The sheets were rough and the bed creaked as I sat up. Soft light trickled in through a single window and danced on the white walls and white tile flooring. The bed frame was simple. It looked like copper piping someone twisted until it was a bed.
I slid my feet off the bed and onto the floor. It was cold. I stared at my feet and wiggled my toes. It was strange. I didn't recognize them. The nails were plain and the skin was fair. They could've belonged to just about anybody. But they didn't feel like they were mine. I wiggled them some more. They behaved like they were mine, but I had no guarantee.
I reached up and ran my hands over the unfamiliar landscape of my face. I touched the back of my head and discovered and soft peach fuzz growing there.
I sat thinking for a moment when a hole opened up in one of the walls and a woman stepped through it. She was very sleek, her short blonde hair neatly swept backwards from her face. "Hello, Ingrid." She smiled at me, then looked down at the device in her hand. She stepped closer, still looking down, her shoes clacking on the floor. "How are we feeling today?" Our eyes met. I didn't answer her. I didn't feel a need to. Her eyes, a clear, frosty blue, seemed to pierce my very soul. Saying, "I'm fine, thanks." seemed irrelevant.
She stayed there, staring at me. She seemed to be waiting for me to do something, but what that might be I had no idea.

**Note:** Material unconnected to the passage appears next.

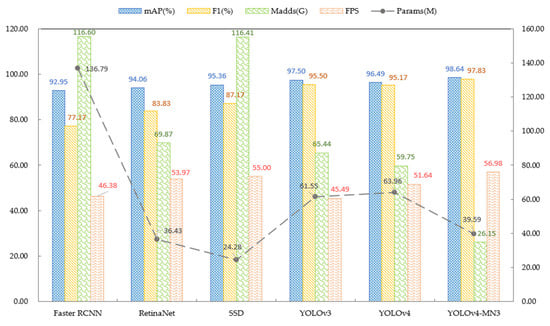 The detection accuracy, speed and model complexity of YOLOv4-MN3 were tested and compared with the other five SOTA detectors, Faster RCNN, RetinaNet, SSD, YOLOv3, and original YOLOv4. The experimental results of the different indicators are illustrated in Figure 11. It can be seen that the proposed YOLOv4-MN3 achieve the highest detection accuracy, with a 98.64% mAP value, which is 5.69%, 4.58%, 3.28%, 1.14% and 2.15% superior to Faster-RCNN, RetinaNet, SSD, YOLOv3 and YOLOv4, respectively. Meanwhile, YOLOv4-MN3 outperformed the other five compared models in F1, at 20.66%, 14.00%, 10.66%, 2.33% and 2.66% higher than Faster-RCNN, RetinaNet, SSD, YOLOv3 and YOLOv4 respectively. In terms of model complexity, YOLOv4-MN3 greatly reduced its parameters and Madds. The number of Params needed by YOLOv4-MN3 reduced by 28.94%, 64.32% and 61.90% those of Faster RCNN, YOLOv3 and YOLOv4, respectively, and the Madds of YOLOv4-MN3 was 90.45 G, 39.29 G and 33.60 G lower than of Faster RCNN, YOLOv3 and YOLOv4, respectively. The reason for this is that MobileNetV3 uses depthwise separable convolution, replacing the standard convolution, allowing the convolution weights and operations to be reduced greatly. In addition, RetinaNet and SSD had small numbers of parameters but large Madds. The reason for this is that the number of parameters indicates the space complexity or storage consumption, and Madds is the metric of time complexity. Detectors with small Params cannot ensure lower Madds or higher detection speed, and vice versa. For example, the activation function and pooling operations increased Madds while Params remained unchanged. Meanwhile, we can see that the Madds of YOLOv4-MN3 is 43.72 G and 90.26 G lower than RetinaNet and SSD, although with a slight increase in parameters. YOLOv4-MN3 also had significant advantage in detection speed, and its FPS value was greater by 10.60, 3.01, 1.98, 11.49 and 5.34 than those of Faster RCNN, RetinaNet, SSD, YOLOv3 and YOLOv4. Based on the comparison of SOTA detectors, the YOLOv4-MN3 model delivered significant advantage in terms of detection accuracy, model parameters, operations and detection speed.
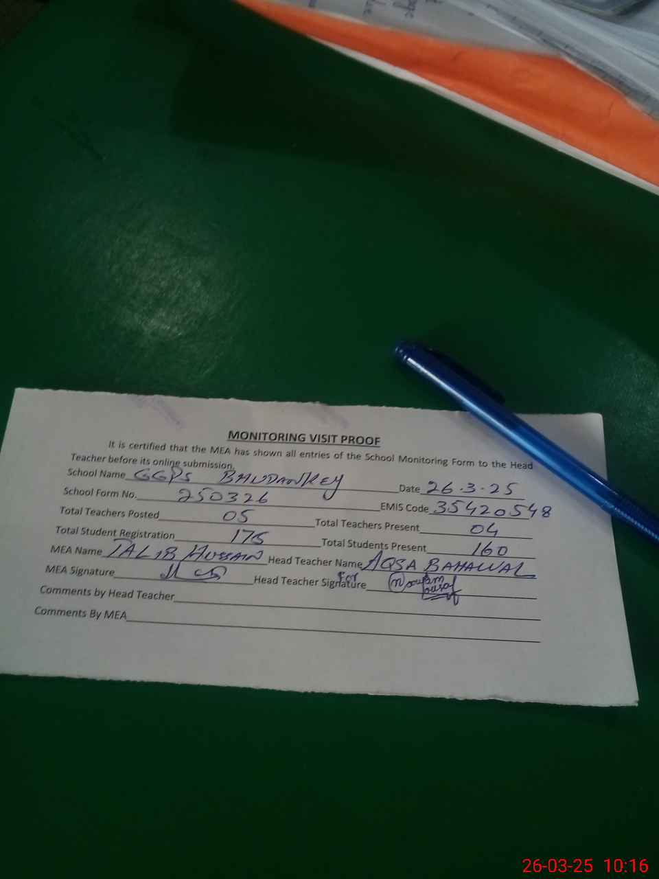 | Attendance Register | Head Teacher | MEA with School | Visit Proof |

"Well," she sighed, and turned to leave.
"Wait," I croaked. She nearly dropped whatever it was in her hands. It looked expensive. "Sorry." Coughs racked my body and when they subsided I realized other people had swarmed into the room, armed with more expensive looking things that I was scared I would break. "Um," I warbled. "Excuse me?" The words were slowly beginning to fit in my mouth better. The first woman just stood there staring and the other people continued hurriedly pressing on their screens and talking to each other in hushed tones. "Miss?" I was the focus of their flurry but still no one paid me any attention.

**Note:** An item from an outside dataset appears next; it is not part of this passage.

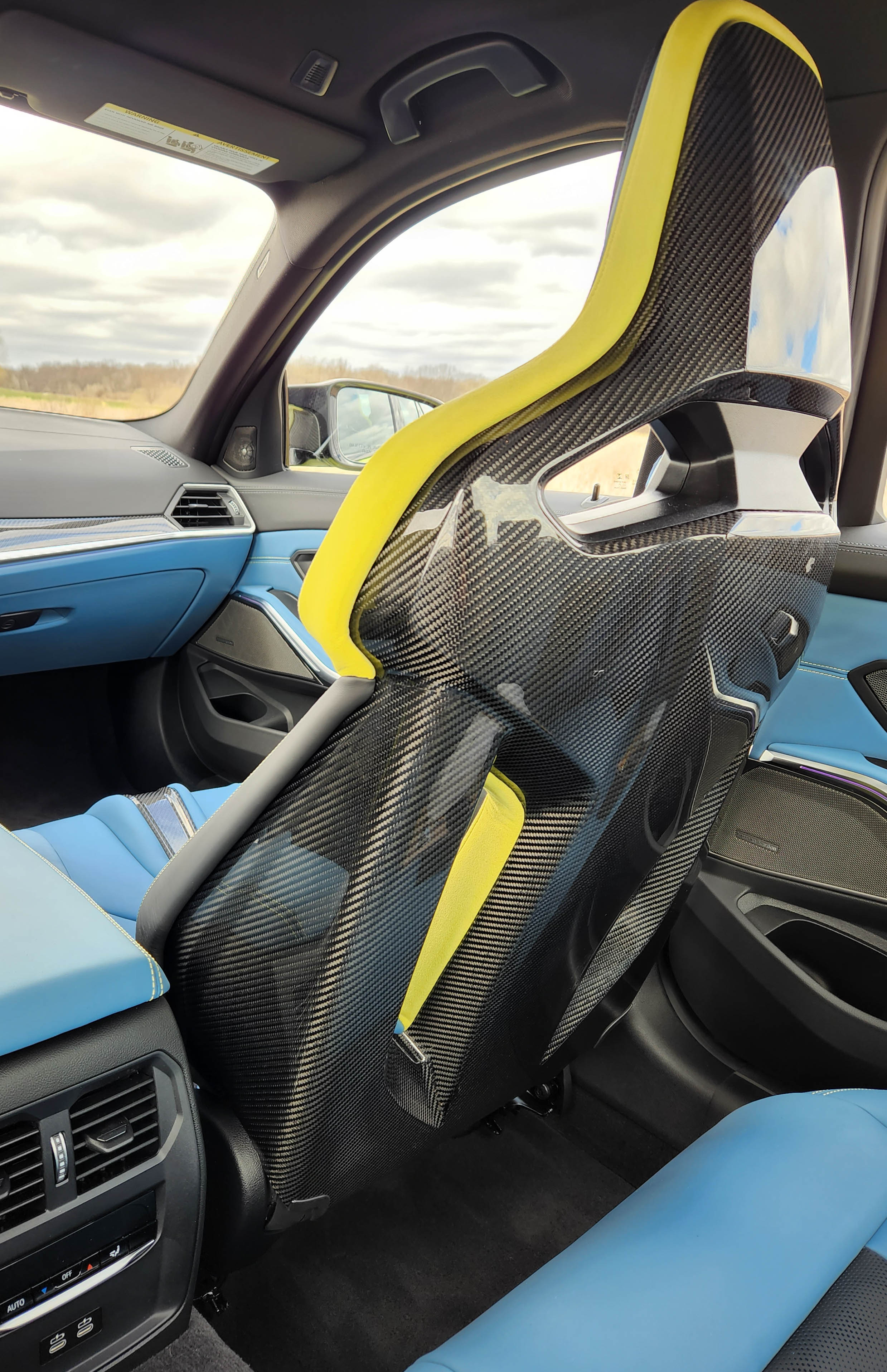 Thatās right, the test car added carbon fiber race seats for $3,800. They fit the driver and front passenger like they are track bound with power adjustable side bolsters. These things are extremely comfy, once you drop into them, and thatās how you enter. Then they are as snug as Aunt Agnus hugging you after Thanksgiving dinner.

The room felt like it was getting smaller, or that more and more people were filling it up. The whispers grew louder and louder in my ears, but I still couldn't understand any of them. It was deafening.
"Stop it!" I finally screeched. Everything was suddenly so still and quiet that the pain of the cacophony was quickly forgotten and I almost wished it'd come back.
"Our apologies," the woman said. "We'll leave you to yourself." She smiled again and they were all gone.